Simpson sues to get GTE phone records he says will clear him
LOS ANGELES - O.J. Simpson claims records of phone calls between former wife Nicole Brown Simpson and her mother the night Nicole Simpson was slain can clear him in the stabbing deaths of Brown and friend Ronald Goldman.
Simpson is asking a judge in U.S. District Court in Los Angeles to order GTE to hand over the phone records of his former in-laws, Lou and Juditha Brown. The suit was filed, Simpson said, after attempts to obtain copies of the phone records from the Los Angeles courts, prosecutors and members of his own "dream team" of criminal-defense lawyers failed.
In court papers, Simpson said he needs the records to clear up discrepancies in witness statements about the times the phone conversations occurred.

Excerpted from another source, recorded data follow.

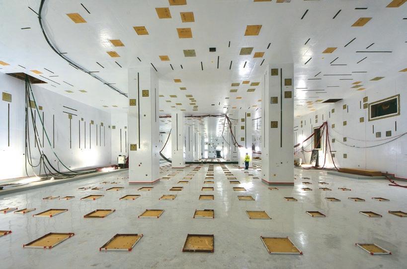 Sous sa toute nouvelle livrée, d’un blanc étincelant, le premier sous-sol du Bâtiment diagnostics est désormais prêt à être équipé. Au sol, aux murs, au plafond, les plaques d’ancrage sur lesquelles seront soudés les supports des différents systèmes.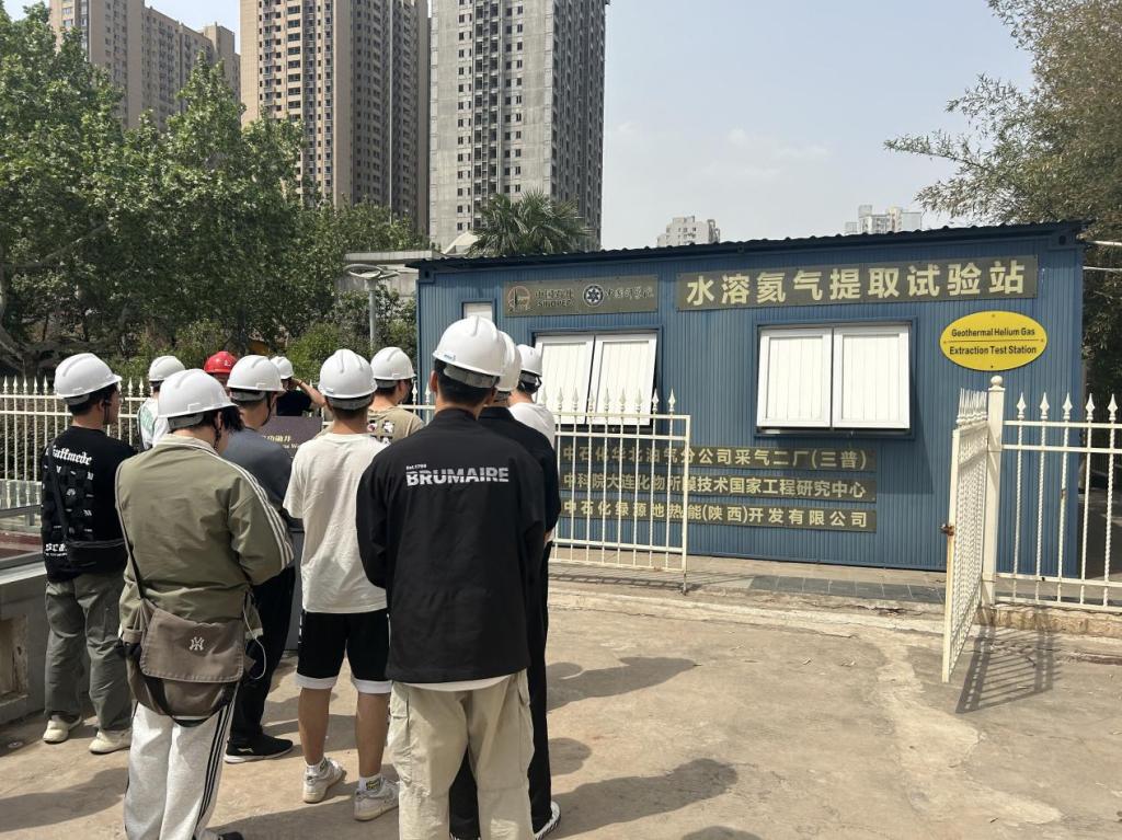 最后一站,研学队伍到达三普二号地热站,此站点是全国首个“地热井水溶氦气提取试验站”。工作人员为研学师生现场展示了氦气回收利用的相关工艺及试验进展。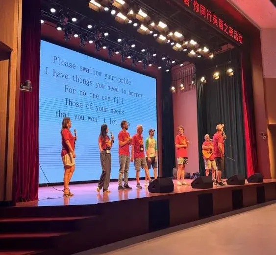 活动逐渐进入尾声,外教老师们献唱《Love Story》,为“英语之夜”画上浪漫句点。当熟悉的旋律响起,现场的气氛瞬间被推向了高潮。在这首歌曲的陪伴下,我们仿佛置身于一个美好的爱情故事中,感受着爱的甜蜜与温暖。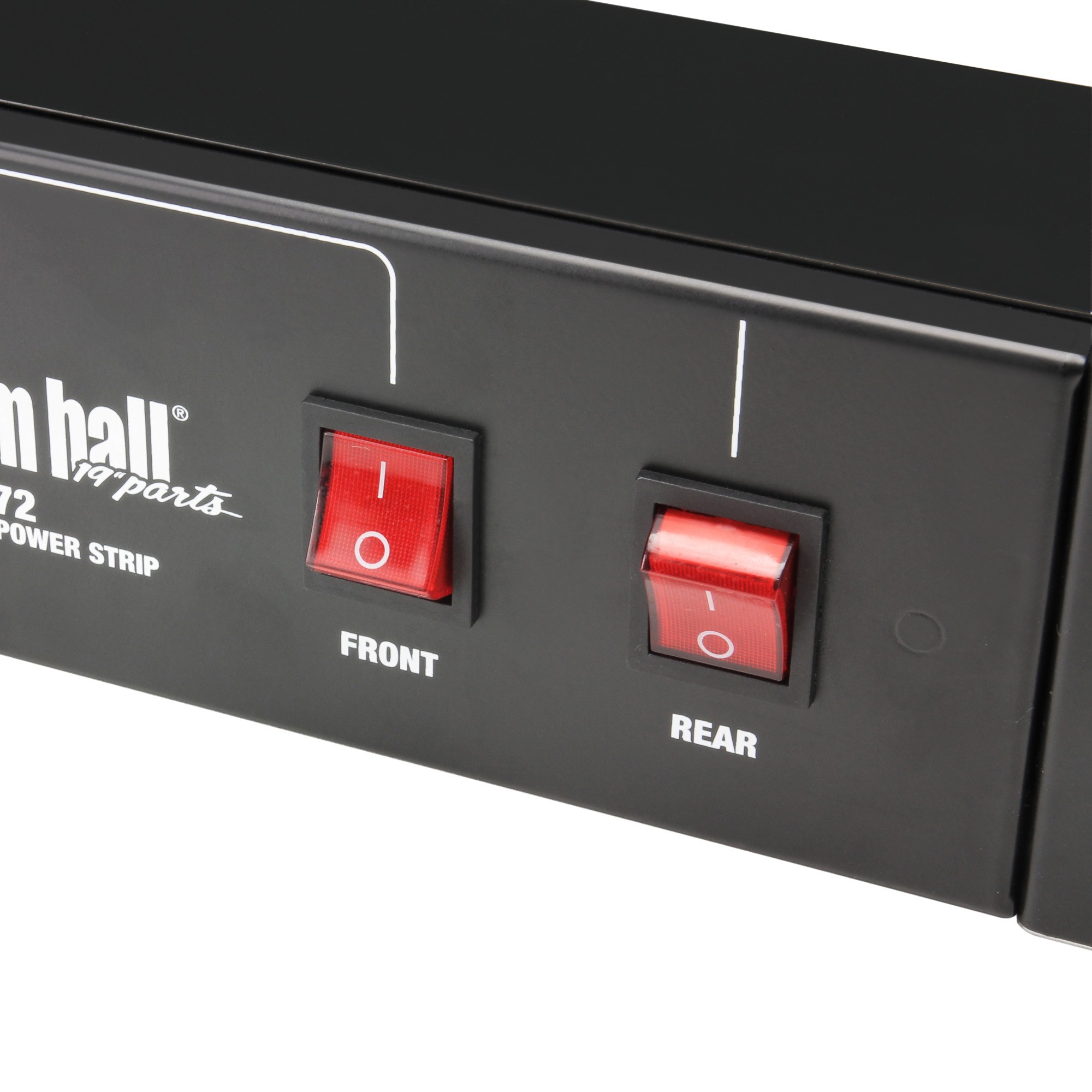 Az előlapon 2 világító kapcsoló az elő,- és hátlapi aljzatok külön kapcsolásához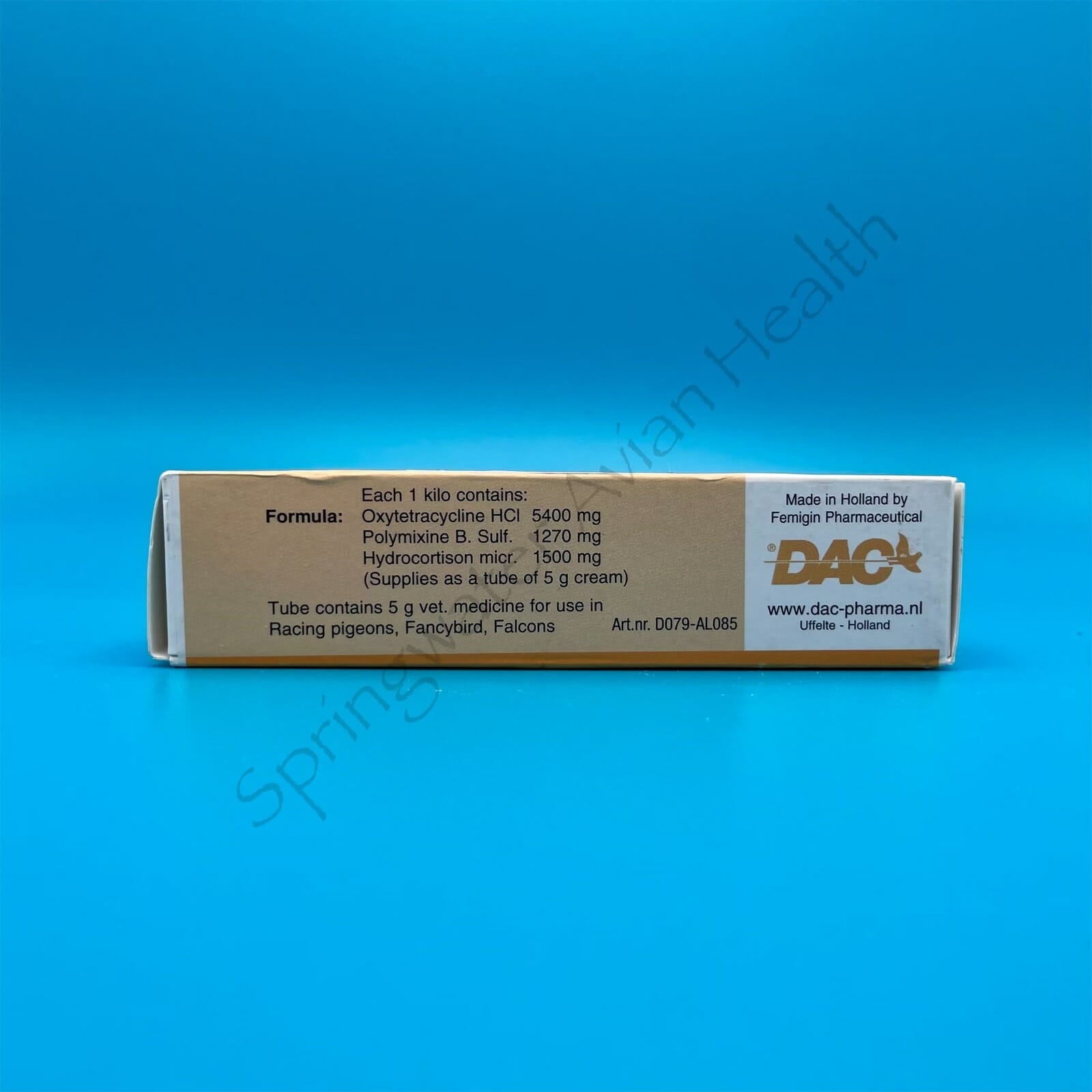 DAC Eye and Ear Cream is a soothing and healing ointment that combines two antibiotics and an anti-inflammatory medication to treat wounds and infections in both eyes and ears. Anti-inflammatory action helps reduce inflammation providing relief for your bird. Please follow manufacturers instructions as this product contains a steroid (anti-inflammatory). Product is labeled for pigeons, raptors and cage birds.

Those estimates ranged from 9:37 p.m. to 11 p.m. the night of the slayings, his court papers said.
If the women talked at 11 p.m., Simpson said, he has an ironclad alibi: He was riding in a limousine to Los Angeles International Airport to catch a flight to Chicago.
"It's completely bogus," said attorney Daniel Petrocelli, who represented Goldman's father in a civil action against Simpson.
"The evidence from Day 1 has been, through records and witness testimony, that Nicole Brown Simpson last spoke to her mother well before 10 p.m.," he added.
Simpson's suit said his latest lawyers subpoenaed the phone records a year ago in connection with the appeal of a $33.5 million civil verdict holding him legally liable for the June 12, 1994, stabbing deaths of Brown and Goldman.
But GTE refused to hand over the phone records, Simpson's suit said, unless he produced a court order and written consent from the Browns.
A GTE spokeswoman said the phone company was complying with California laws that protect customers' privacy.
"Simpson has attempted to get them from the `dream team,' and they wouldn't give them to him," said Thomas Johnson, an investigator for Simpson's appeal.
The courts have released them as the "personal property" of William Hodgman of the district attorney's office, he added.
Simpson was charged with and acquitted in Los Angeles of two counts of murder. However, he was found civilly liable for the deaths after the trial of a wrongful-death case.
But the $33.5 million verdict has proved to be virtually uncollectable.